Start of Data for analysis

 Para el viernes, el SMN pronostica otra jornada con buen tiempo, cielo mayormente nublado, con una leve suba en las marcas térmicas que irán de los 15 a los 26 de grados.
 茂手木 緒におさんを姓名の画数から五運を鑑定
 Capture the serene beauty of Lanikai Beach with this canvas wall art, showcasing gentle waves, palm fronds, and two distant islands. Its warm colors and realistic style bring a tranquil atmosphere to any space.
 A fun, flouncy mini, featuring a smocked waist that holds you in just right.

End of Data for analysis
Start of Data for analysis

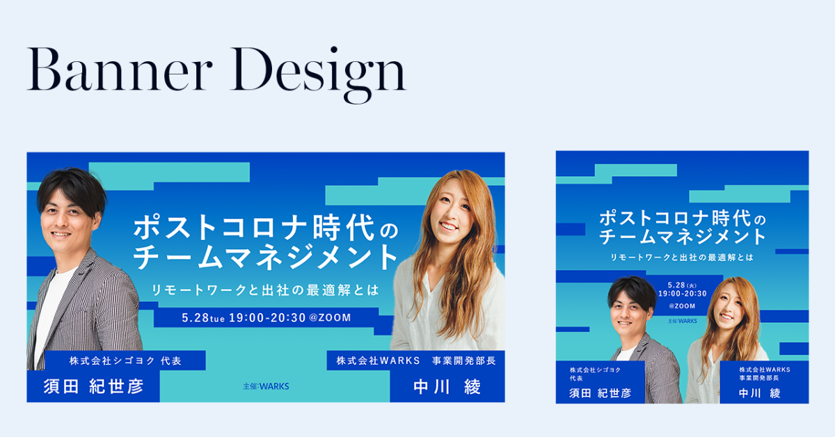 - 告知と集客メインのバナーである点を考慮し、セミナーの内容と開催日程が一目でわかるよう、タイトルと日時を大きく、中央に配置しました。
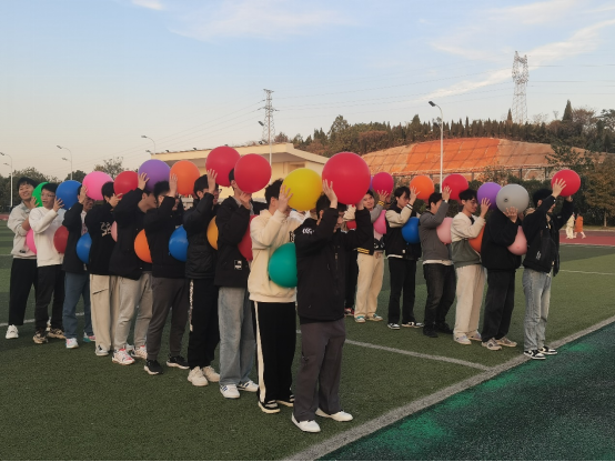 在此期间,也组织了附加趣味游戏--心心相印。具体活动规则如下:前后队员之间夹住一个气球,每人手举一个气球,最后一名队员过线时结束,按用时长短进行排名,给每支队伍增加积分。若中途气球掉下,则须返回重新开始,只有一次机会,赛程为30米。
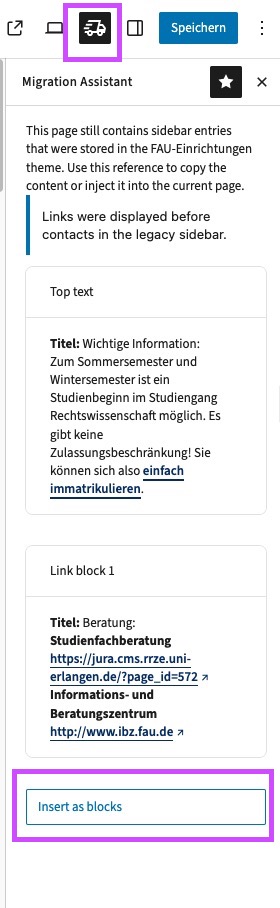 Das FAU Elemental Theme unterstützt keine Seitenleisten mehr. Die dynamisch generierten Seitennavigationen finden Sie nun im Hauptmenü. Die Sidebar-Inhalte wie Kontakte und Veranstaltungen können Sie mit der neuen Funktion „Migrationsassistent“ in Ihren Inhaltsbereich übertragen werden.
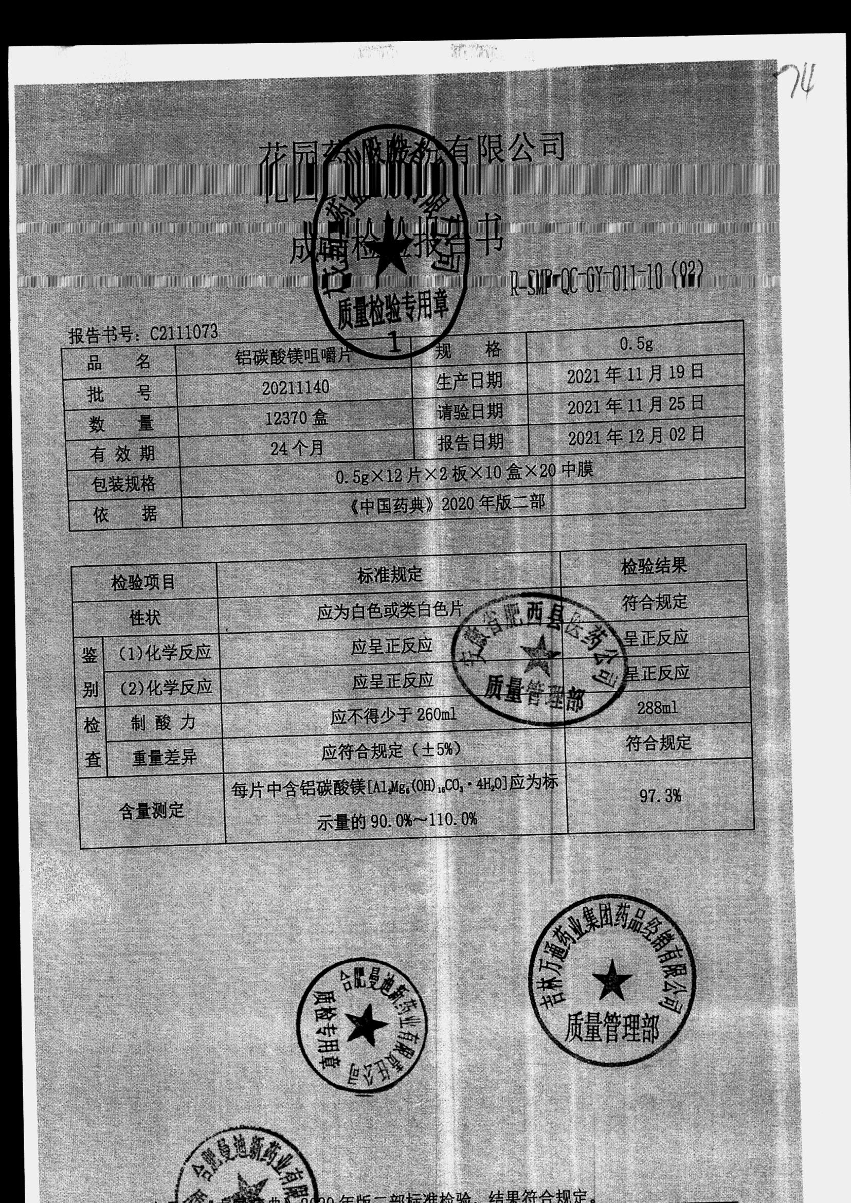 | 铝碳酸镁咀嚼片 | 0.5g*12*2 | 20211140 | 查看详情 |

End of Data for analysis

▸ What this task involves
The stretch to restate runs from the line above containing "- 告知と集客メインのバナー" through the line containing "20211140 | 查看详情 |". Copy it word for word, ends included, without pictures.

▸ Finished task
 - 告知と集客メインのバナーである点を考慮し、セミナーの内容と開催日程が一目でわかるよう、タイトルと日時を大きく、中央に配置しました。
 在此期间,也组织了附加趣味游戏--心心相印。具体活动规则如下:前后队员之间夹住一个气球,每人手举一个气球,最后一名队员过线时结束,按用时长短进行排名,给每支队伍增加积分。若中途气球掉下,则须返回重新开始,只有一次机会,赛程为30米。
 Das FAU Elemental Theme unterstützt keine Seitenleisten mehr. Die dynamisch generierten Seitennavigationen finden Sie nun im Hauptmenü. Die Sidebar-Inhalte wie Kontakte und Veranstaltungen können Sie mit der neuen Funktion „Migrationsassistent“ in Ihren Inhaltsbereich übertragen werden.
 | 铝碳酸镁咀嚼片 | 0.5g*12*2 | 20211140 | 查看详情 |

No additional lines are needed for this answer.